I'm wondering how to go about finding the equation that defines this locus. In short, the locus is all the points the same distance from the closest point on $e^x - 1$ as $(0,1)$. The setup in GeoGebra also lets me change the function it depends on easily which produces very interesting results for almost every function (for a straight line, it produces a parabola).
The distance from any point $P(x, y)$ on the required locus to the fixed point $Q(0, 1)$ is given by $$PQ^2=x^2+(y-1)^2$$ The distance from the same point $P(x, y)$ to a point $T$ on the given curve $(t, e^t-1)$ is given by $$s=PT^2=(x-t)^2+z^2$$ where $z=y-e^t+1$ hence $y-1=z+e^t-2$.
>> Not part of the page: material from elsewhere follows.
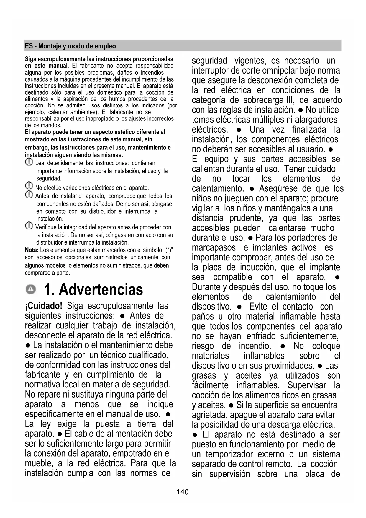 Als de storing na het uitvoeren van deze controles nog steeds aanwezig is, neem dan contact op met de dichtstbijzijnde Servicedienst.140 ES - Montaje y modo de empleo Siga escrupulosamente las instrucciones proporcionadas en este manual. El fabricante no acepta responsabilidad alguna por los posibles problemas, daños o incendios causados a la máquina procedentes del incumplimiento de las instrucciones incluidas en el presente manual. El aparato está destinado sólo para el uso doméstico para la cocción de alimentos y la aspiración de los humos procedentes de la cocción. No se admiten usos distintos a los indicados (por ejemplo, calentar ambientes). El fabricante no se responsabiliza por el uso inapropiado o los ajustes incorrectos de los mandos. El aparato puede tener un aspecto estético diferente al mostrado en las ilustraciones de este manual, sin embargo, las instrucciones para el uso, mantenimiento e instalación siguen siendo las mismas. Lea detenidamente las instrucciones: contienen importante información sobre la instalación, el uso y la seguridad. No efectúe variaciones eléctricas en el aparato. Antes de instalar el aparato, compruebe que todos los componentes no estén dañados. De no ser así, póngase en contacto con su distribuidor e interrumpa la instalación. Verifique la integridad del aparato antes de proceder con la instalación. De no ser así, póngase en contacto con su distribuidor e interrumpa la instalación. Nota: Los elementos que están marcados con el símbolo "(*)" son accesorios opcionales suministrados únicamente con algunos modelos o elementos no suministrados, que deben comprarse a parte.

The point $T$ is closest to $P$ when $s$ is a minimum wrt $t$ : $$\frac{ds}{dt}=2(x-t)(-1)+2z(-e^t)=0$$ $$x=t-ze^t$$
The required locus is defined by $PQ^2=PT^2$ : $$x^2+(y-1)^2=(x-t)^2+z^2$$
Substitute to eliminate $x, y$ leaving an equation in $z, t$ : $$(t-ze^t)^2+(z+e^t-2)^2=z^2e^{2t}+z^2$$ $$t^2-2tze^t+e^{2t}+4-2(ze^t-2z-2e^t)=0$$ $$z=\frac{t^2+(e^t-2)^2}{2[(t-1)e^t+2]}$$
Co-ordinates of points on the locus can be obtained in terms of parameters $t$ and $z(t)$ :
$$x=t-ze^t, y=z+e^t-1$$